Фарватер — жеребец среднего роста, с массивною грудью, длинным туловищем и поджарым, немного вислым задом — легко и стройно держался на крепких мохнатых ногах, с надежными копытами и тонкой бабкой. Знаток остался бы недоволен его горбоносой мордой и длинной шеей с острым, выдающимся кадыком. Но Бобров находил, что эти особенности, характерные для всякой донской лошади, составляют красоту Фарватера так же, как кривые ноги у таксы и длинные уши у сеттера. Зато во всем заводе не было лошади, которая могла бы обскакать Фарватера.
Хотя Митрофан и считал необходимым, как и всякий хороший русский кучер, обращаться с лошадью сурово, отнюдь не позволяя ни себе, ни ей никаких проявлений нежности, и поэтому называл ее и «каторжной», и «падалью», и «убивцею», и даже «хамлетом», тем не менее он в глубине души страстно любил Фарватера. Эта любовь выражалась в том, что донской жеребчик был и вычищен лучше и овса получал больше, чем другие казенные лошади Боброва: Ласточка и Черноморец.
— Поил ты его, Митрофан? — спросил Бобров.
Митрофан ответил не сразу. У него была и еще одна повадка хорошего кучера — медлительность и степенность в разговоре.
— Попоил, Андрей Ильич, как же не попоимши-то. Но, ты, озирайся, леший! Я тебе поверчу морду-то! — крикнул он сердито на лошадь. — Страсть, барин, как ему охота нынче под седлом идти. Не терпится.
Едва только Бобров подошел к Фарватеру и, взяв в левую руку поводья, обмотал вокруг пальцев гривку, как началась история, повторявшаяся чуть ли не ежедневно.
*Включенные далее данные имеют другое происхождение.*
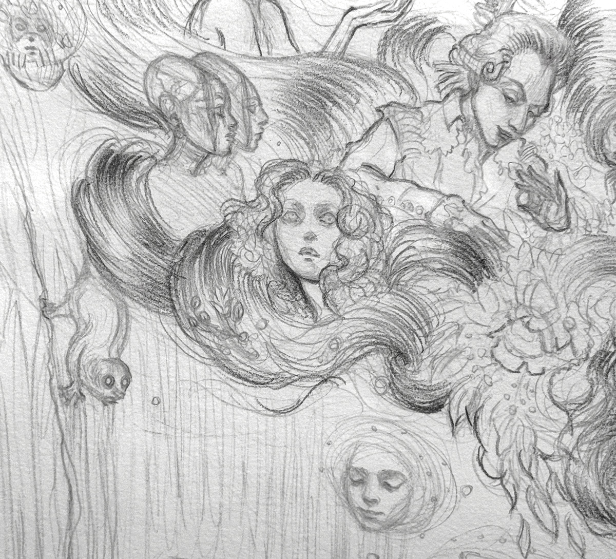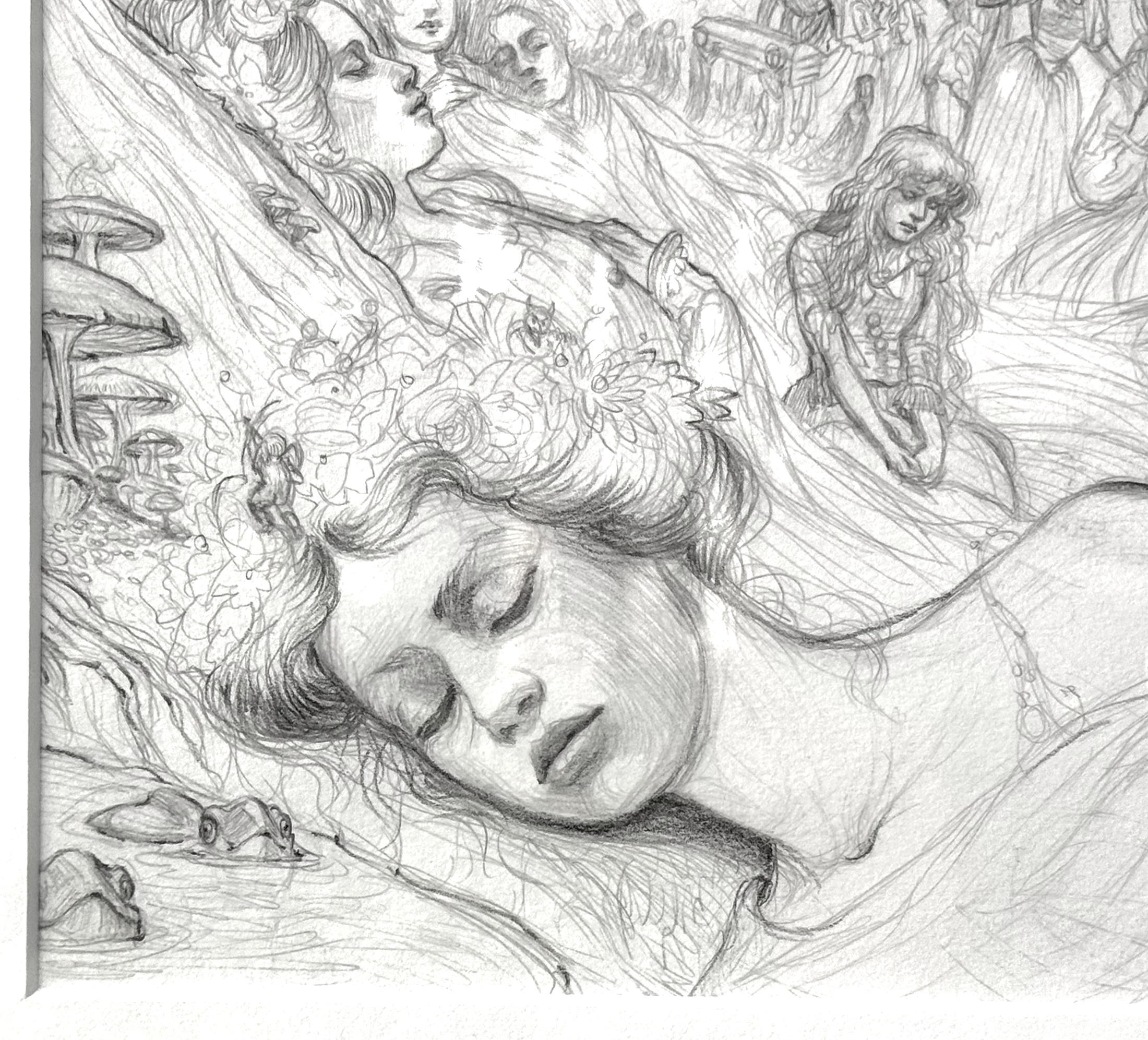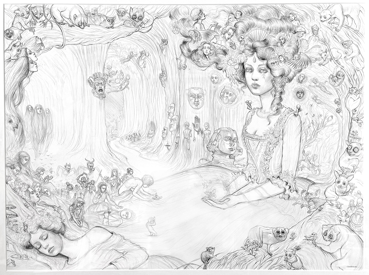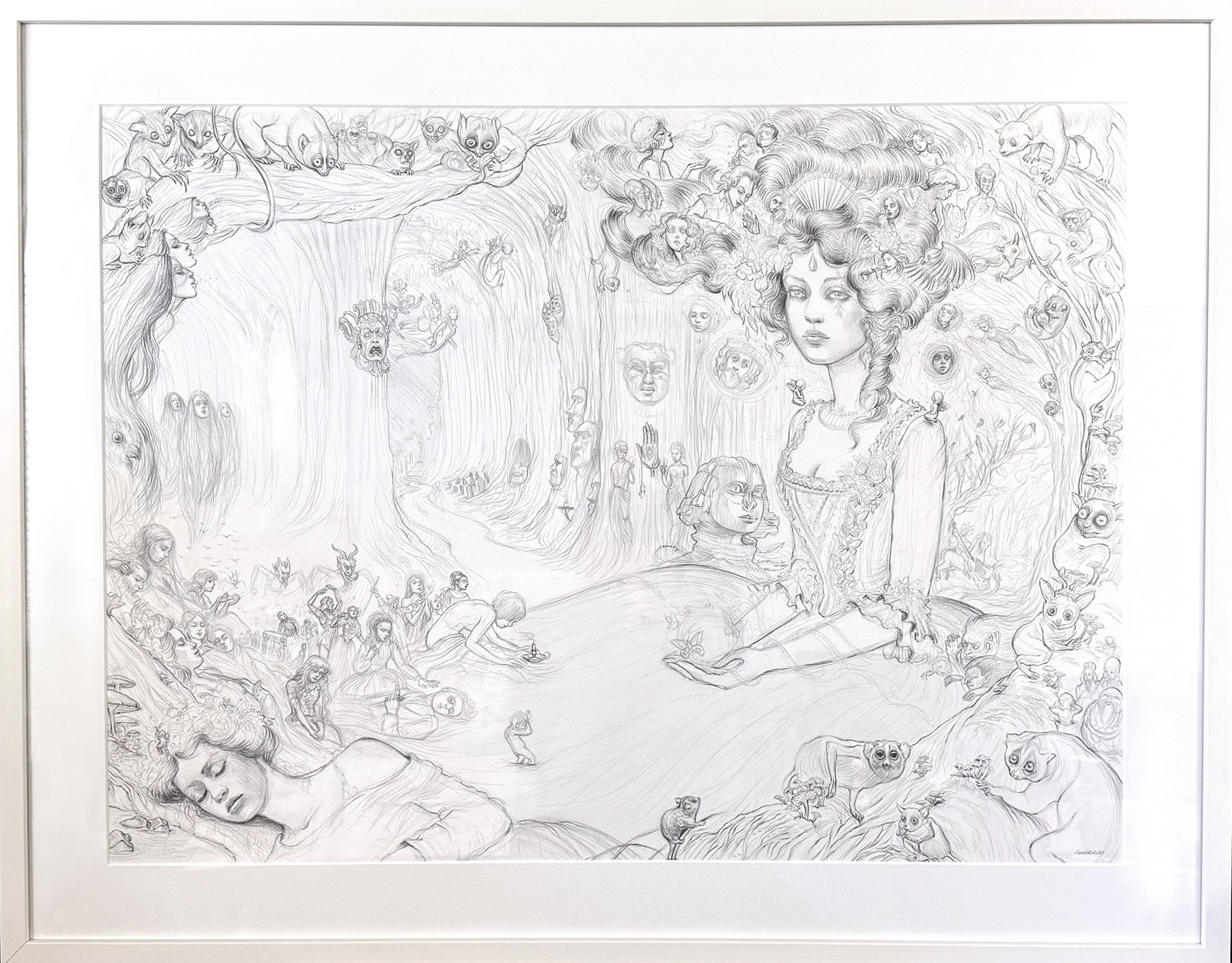 A rare original drawing from my gallery days–this was the preparatory drawing for my acrylic painting of the same name, created in 2010. This is my take on “The Priestess” tarot card. The nocturnal animals and sleeping figures surrounding her symbolize seeing into the depths of your own psyche and the inner awakening that comes from self-knowledge. All kinds of hidden imagery in this one, like St. George and the Dragon, Le Spectre de la Rose, and the Great Sphinx. The drawing comes beautifully matted and framed in white.

Фарватер, уже давно косившийся большим сердитым глазом на подходившего Боброва, начал плясать на месте, выгибая шею и разбрасывая задними ногами комья грязи. Бобров прыгал около него на одной ноге, стараясь вдеть ногу в стремя.
— Пусти, пусти поводья, Митрофан! — крикнул он, поймав, наконец, стремя, и в тот же момент, перебросив ногу через круп, очутился в седле.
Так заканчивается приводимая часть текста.